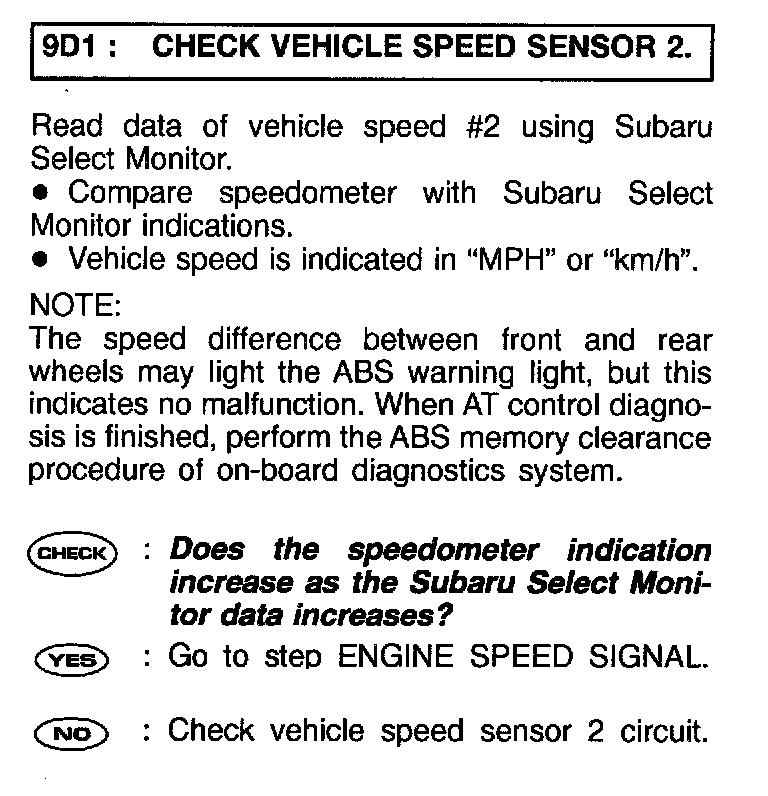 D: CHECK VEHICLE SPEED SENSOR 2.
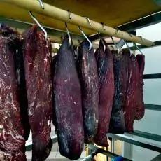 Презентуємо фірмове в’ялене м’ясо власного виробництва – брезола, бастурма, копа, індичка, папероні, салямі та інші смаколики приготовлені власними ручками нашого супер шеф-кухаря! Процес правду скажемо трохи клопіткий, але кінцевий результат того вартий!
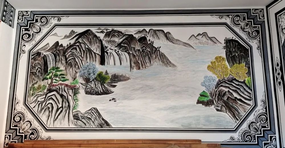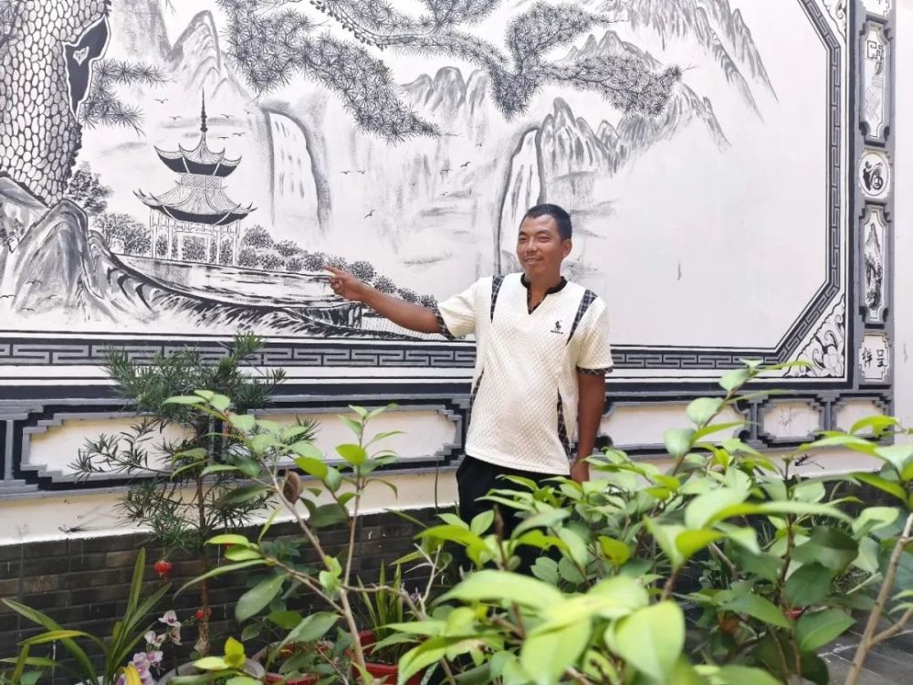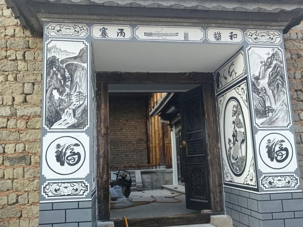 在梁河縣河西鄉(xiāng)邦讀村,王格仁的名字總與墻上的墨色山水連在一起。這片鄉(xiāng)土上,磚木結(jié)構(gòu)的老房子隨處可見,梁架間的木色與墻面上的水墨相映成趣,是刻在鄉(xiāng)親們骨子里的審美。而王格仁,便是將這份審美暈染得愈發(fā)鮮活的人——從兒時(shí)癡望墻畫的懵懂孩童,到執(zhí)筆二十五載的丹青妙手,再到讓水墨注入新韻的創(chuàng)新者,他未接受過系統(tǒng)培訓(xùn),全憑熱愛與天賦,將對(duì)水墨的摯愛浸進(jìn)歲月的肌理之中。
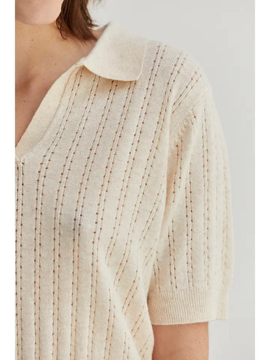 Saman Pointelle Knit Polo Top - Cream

*Required work*: Write out the lines of the material from the one containing "在梁河縣河西鄉(xiāng)" through the last, exactly and only those. Leave every picture out.

*Reply to the task*:
 在梁河縣河西鄉(xiāng)邦讀村,王格仁的名字總與墻上的墨色山水連在一起。這片鄉(xiāng)土上,磚木結(jié)構(gòu)的老房子隨處可見,梁架間的木色與墻面上的水墨相映成趣,是刻在鄉(xiāng)親們骨子里的審美。而王格仁,便是將這份審美暈染得愈發(fā)鮮活的人——從兒時(shí)癡望墻畫的懵懂孩童,到執(zhí)筆二十五載的丹青妙手,再到讓水墨注入新韻的創(chuàng)新者,他未接受過系統(tǒng)培訓(xùn),全憑熱愛與天賦,將對(duì)水墨的摯愛浸進(jìn)歲月的肌理之中。
 Saman Pointelle Knit Polo Top - Cream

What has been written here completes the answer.